= Terry, South Dakota =

Unincorporated community in South Dakota, US

Terry is an unincorporated community in Lawrence County, South Dakota, United States.

==History==
The Black Hills are home to many gold deposits. The gold around Terry was non free milling, or visible to the eye, and required more processing to be viable. In the 1880s, a smelting and chlorination plant was built in nearby Deadwood and miners moved to what became Terry. The town was home to the Golden Reward mine, which was created 1887 to take advantage of the advances in gold ore processing. A spur of the Deadwood Central Railroad was built to serve the mines and ran from 1890/1891 to 1918.

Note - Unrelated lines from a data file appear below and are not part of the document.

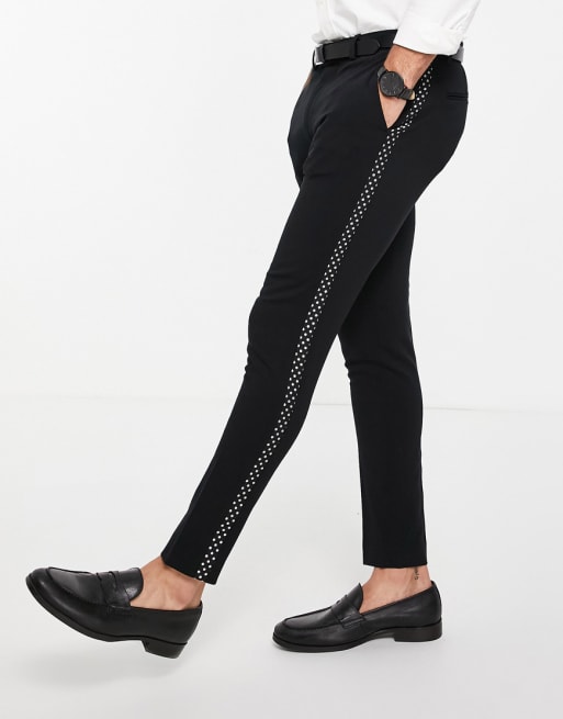 ASOS DESIGN – Smoking i supersmal passform med svartvita, prickiga detaljer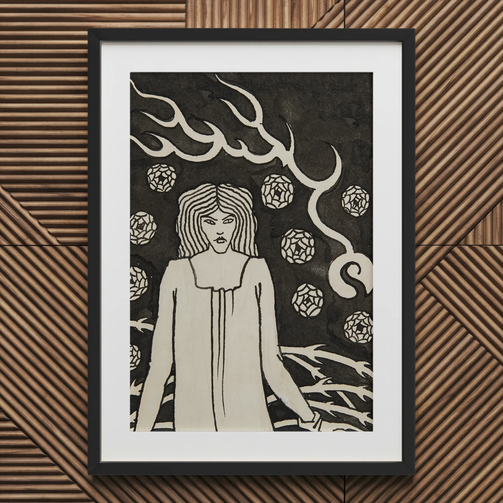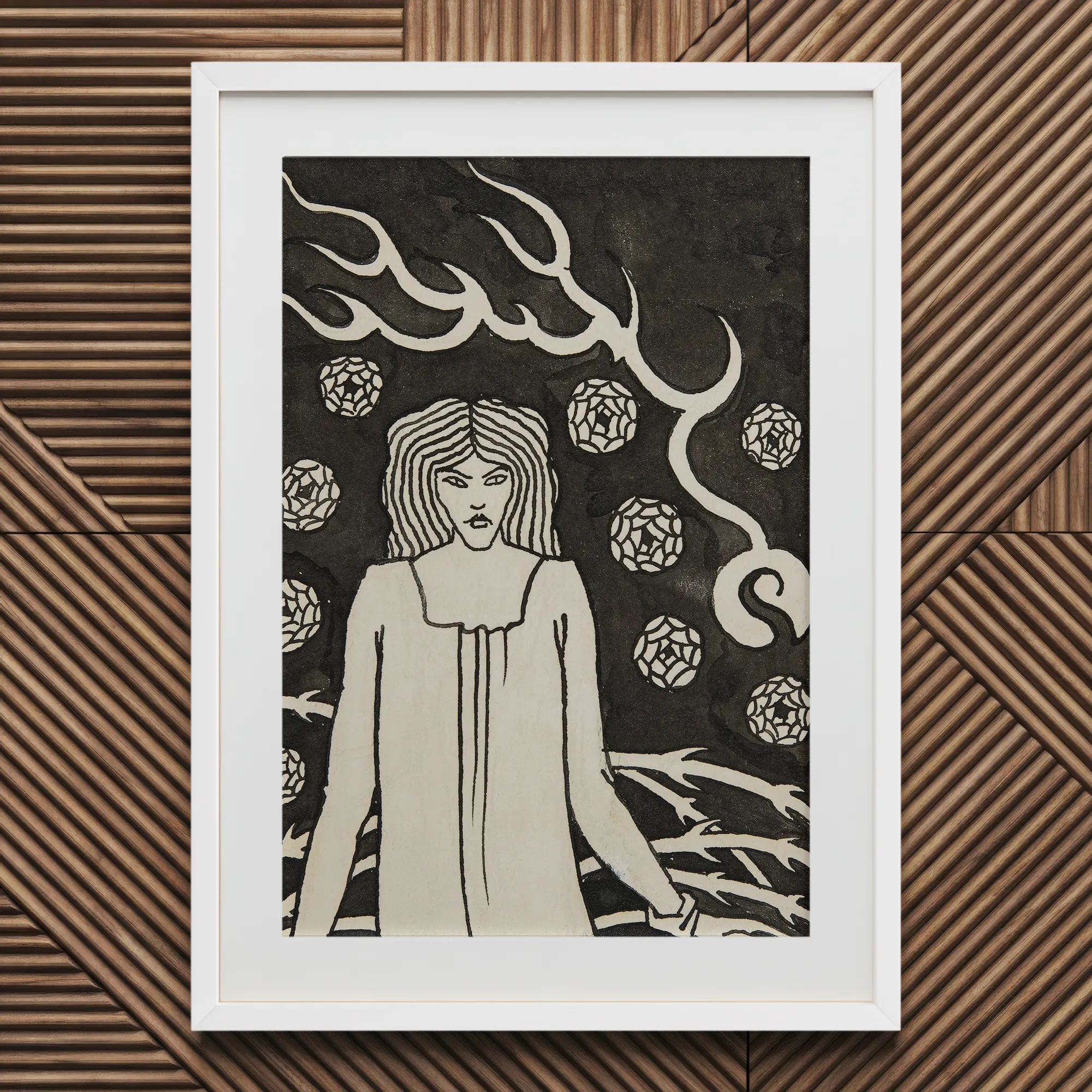 Das Profil der jungen Frau schwankt zwischen Heilige und Verführerin, ihr Blick über die Vernunft hinaus fixiert, als würde sie dem Summen im Inneren des Verlangens selbst lauschen. Stilisierte Rosen lodern gegen einen leeren Hintergrund, Blütenblätter umrandet von Bedrohung und Parfüm. Es fühlt sich dekadent, theatralisch an, verzehrt von dem Fieber des Symbolismus - die Welt zittert zwischen Vergnügen und Ruin, Schönheit und Zersetzung.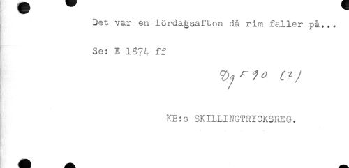//// Det var en lördagsafton då rim faller på... //// Se: E 1874 ff //// KB:s SKILLINGTRYCKSREG. ////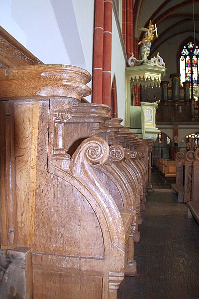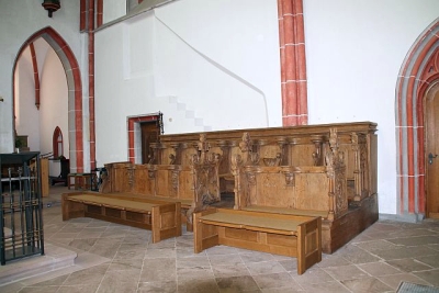 aber handwerklich-gediegenen, gut erhaltenen Chorgestühls mit je sechs Sitzen (ein siebter Sitz im Eingang kann höchstens als Reserve dienen), das in die 1. Hälfte des 14. Jahrhunderts (vielleicht etwas zu früh) datiert wird. Als Herkunft wird das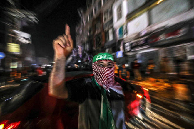 Palestinos comemoram após um cessar-fogo entre israelenses e o grupo extremistas Hamas na Faixa de Gaza. Os conflitos duraram 11 dias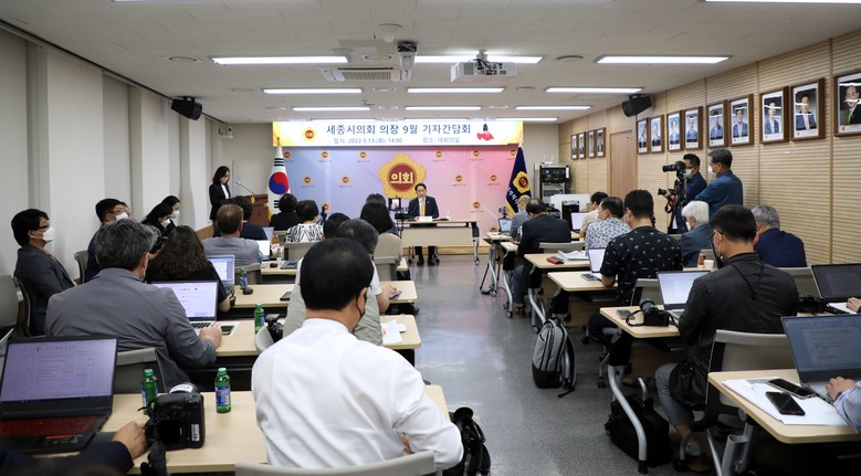 [세종 세계타임즈=이채봉 기자] 세종특별자치시의회(의장 상병헌)는 13일 1층 대회의실에서 의정 현안에 대한 기자 간담회를 개최했다.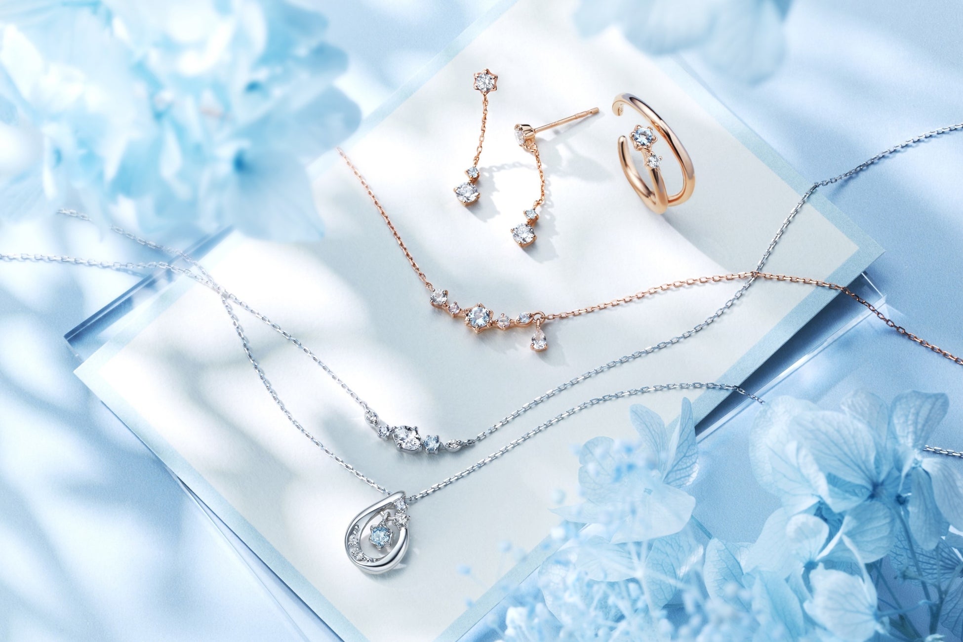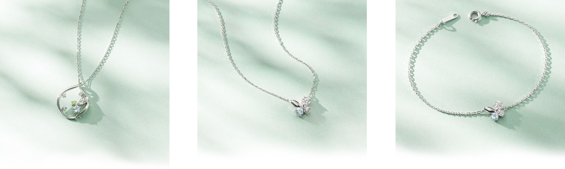 人気モチーフに“Botanity”のエッセンスをプラスしたスプリング限定ジュエリー。植物のみずみずしさを映したブルーのカラーストーンが涼やかにきらめきます。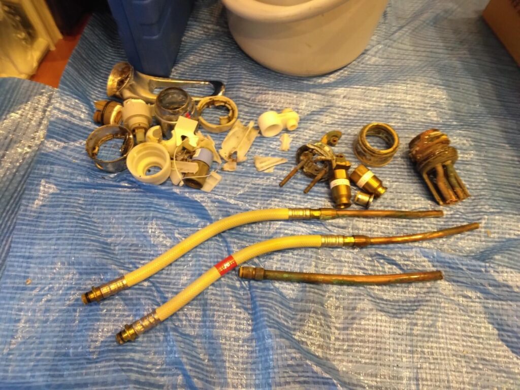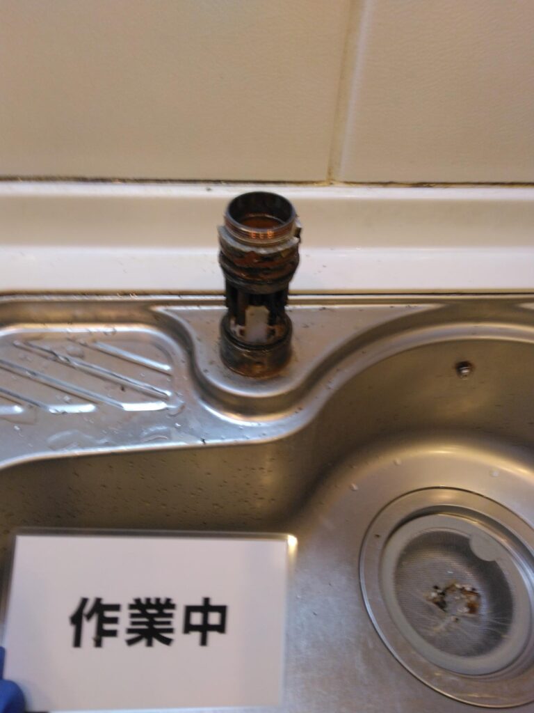 その翌日に作業を開始するとやはり漏水をした分水道水に含まれるカルシウムなどが固着し水栓がまともに取り外せない状態でしたので、剛材以外を分解をできるところまでして取外し残った部分を電動工具を使って切り落とす作業を行いました。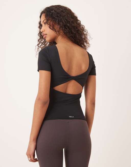 Tala – DayFlex – Czarny długi T-shirt ze skręconą wstawką na plecach i wbudowanym podtrzymaniem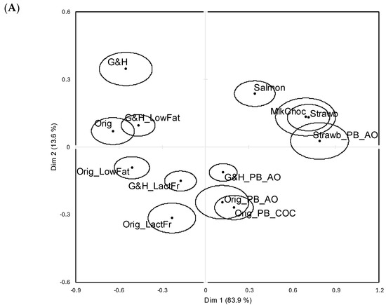 | Cream cheese, milk chocolate flavour | MlkChoc | −1.74 (HI) | 2.59 (H) | −1.4 (F) | −2.1 (H) | −2.4 (H) |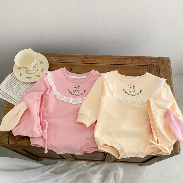 Autumn Baby Girl Round Neck Long-sleeved Rabbit Print Romper + Hat Wholesale Girls Clothes
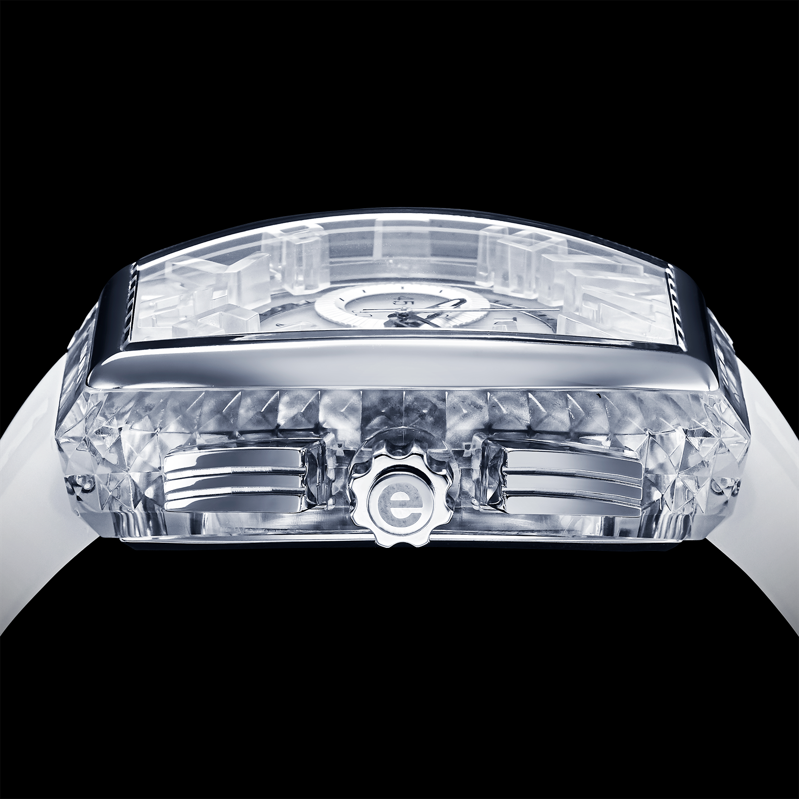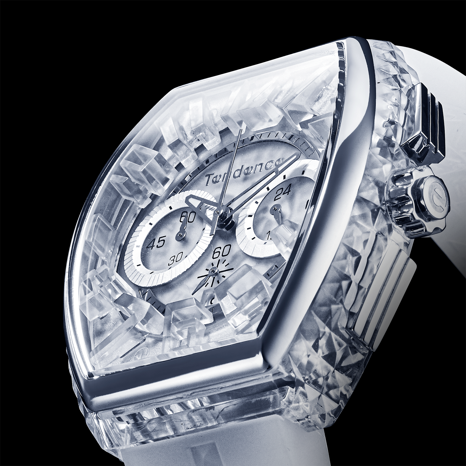 テンデンスのDNAともいえる3Dインデックはトノー型にアップデート。シースルーのシリコンストラップとケースは滑らかに接続され、腕に心地よくフィットします。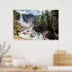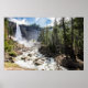 Esta foto mostra o final do inverno em Nevada Falls está em cheio e a água treme do penhasco e se levanta novamente no rio mercado enquanto passa rochas e árvores.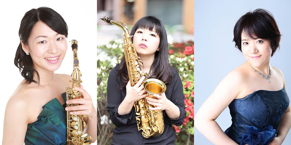 出演者 写真左から、熊岸奈津美、川越明由美、中野裕子 熊岸 奈津美(くまぎし なつみ)/ ソプラノ・サクソフォーン 川越 明由美(かわごえ あゆみ)/ アルト・サクソフォーン 中野 裕子(な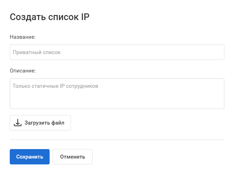 • Загруженные IP должны записываться отдельно на каждой строке (разделитель — перевод) и содержать маску (например: 1.2.3.4 / 1).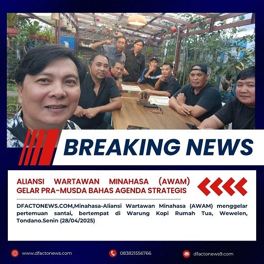DFACTONEWS.COM,Minahasa-Aliansi Wartawan Minahasa (AWAM) menggelar pertemuan santai, bertempat di Warung Kopi Rumah Tua, Wewelen, Tondano.Senin (28/04/2025)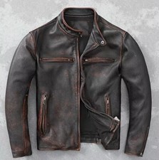 MEN’S VINTAGE CAFE RACER BLACK GENUINE LEATHER SLIM FIT REAL RETRO BIKER JACKET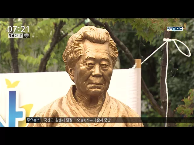오늘의 주요뉴스... 광주 5개 자치구에서 평화의 소녀상이 일제히 모습을 드러냈습니다. 시민 모금으로 세워진 소녀상은 희생자를 기리는 동시에 일제의 만행을 고발하고 있습니다. ============================================ 헬기 총탄 흔적이 무더기로 나온 전일빌딩이 5.18 사적지로 지정 고시됐습니다. ===========...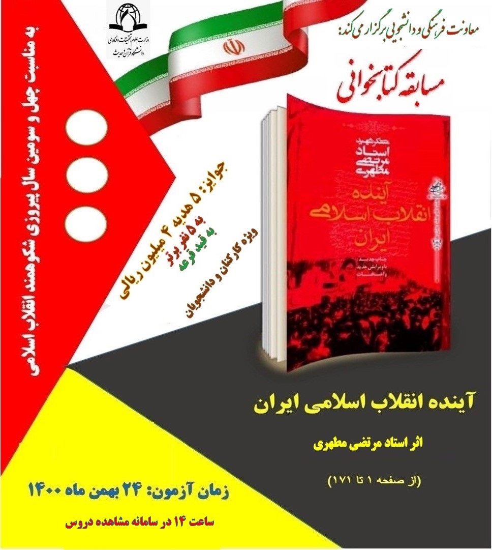 مسابقه کتابخوانی از کتاب «آینده انقلاب اسلامی» نوشته استاد شهید مرتضی مطهری ویژه دانشجویان وکارکنان دانشگاه قرآن وحدیث برگزار می‌کند.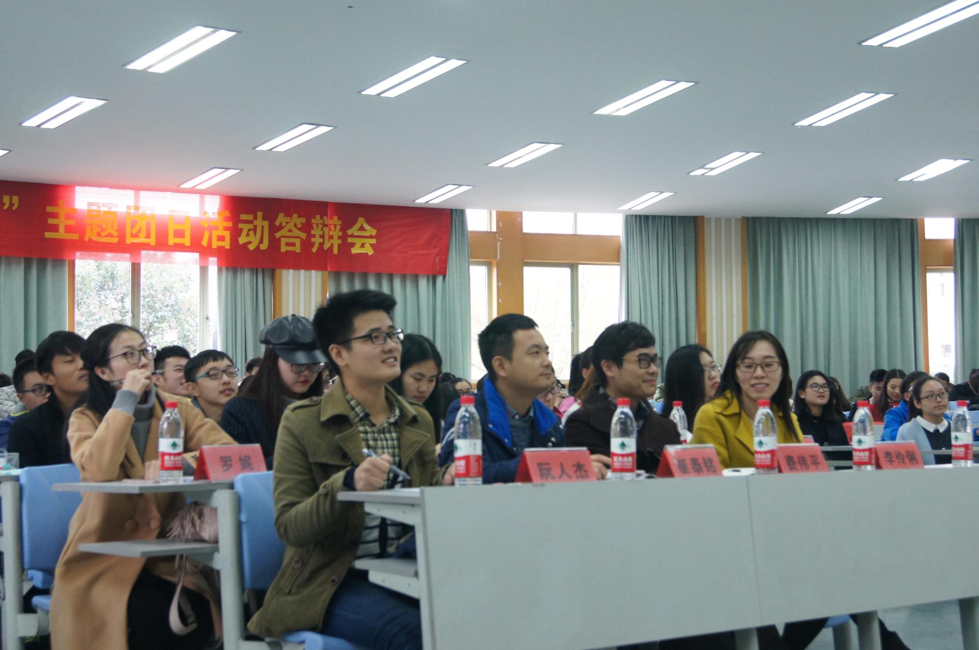 团日活动答辩会在6号楼111教室顺利举行。学生办公室主任崔泰铭,团委书记费伟平,辅导员谭立娟、李伶俐,a漫

A post office called Terry was established in 1892, and remained in operation until it was discontinued in 1929. The community took its name from nearby Terry Peak. The town had its peak between 1900 and 1910, with almost 1,200 residents. The town was built organically along the sides of the gulch.

Martha Jane Cannary, the frontierswoman better known as Calamity Jane, died in Terry on Saturday, August 1, 1903, from inflammation of the bowels and pneumonia, at the age of 51. Philip Graham, husband of Katherine Graham and former publisher of the Washington Post was born in Terry.

The area which the town sat on is privately owned by the Coeur Mining company, which also owns the nearby Wharf Mine, and is currently closed off to the public.